- Excerpted data:

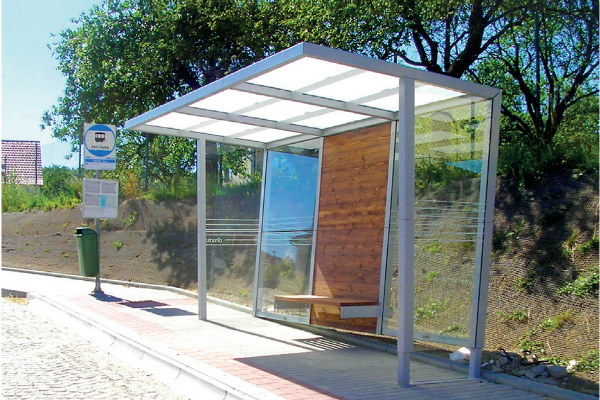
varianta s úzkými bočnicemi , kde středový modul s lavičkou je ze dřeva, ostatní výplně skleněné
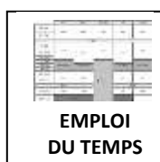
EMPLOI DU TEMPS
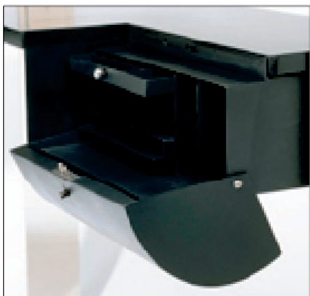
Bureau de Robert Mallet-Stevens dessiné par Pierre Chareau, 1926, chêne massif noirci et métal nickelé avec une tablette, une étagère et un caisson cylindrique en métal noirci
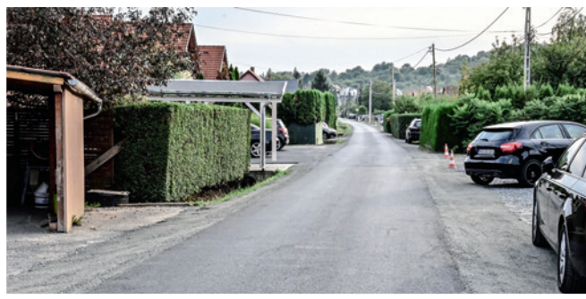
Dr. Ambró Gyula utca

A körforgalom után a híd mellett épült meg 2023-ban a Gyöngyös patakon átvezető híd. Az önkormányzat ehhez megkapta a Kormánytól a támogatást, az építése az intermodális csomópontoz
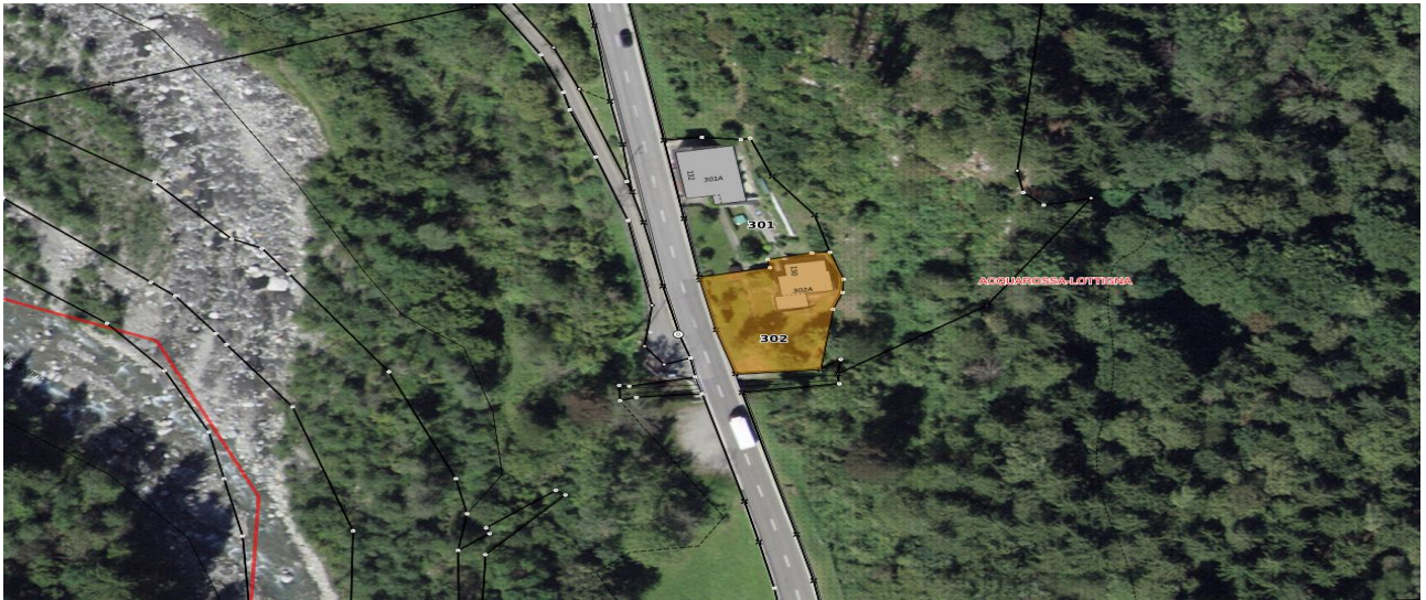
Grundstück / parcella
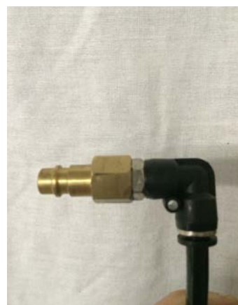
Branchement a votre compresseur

- What to do:
Restate word for word each line from the one containing "Bureau de Robert" through the end of the material, pictures excluded.

- Answer space:
Bureau de Robert Mallet-Stevens dessiné par Pierre Chareau, 1926, chêne massif noirci et métal nickelé avec une tablette, une étagère et un caisson cylindrique en métal noirci
Dr. Ambró Gyula utca

A körforgalom után a híd mellett épült meg 2023-ban a Gyöngyös patakon átvezető híd. Az önkormányzat ehhez megkapta a Kormánytól a támogatást, az építése az intermodális csomópontoz
Grundstück / parcella
Branchement a votre compresseur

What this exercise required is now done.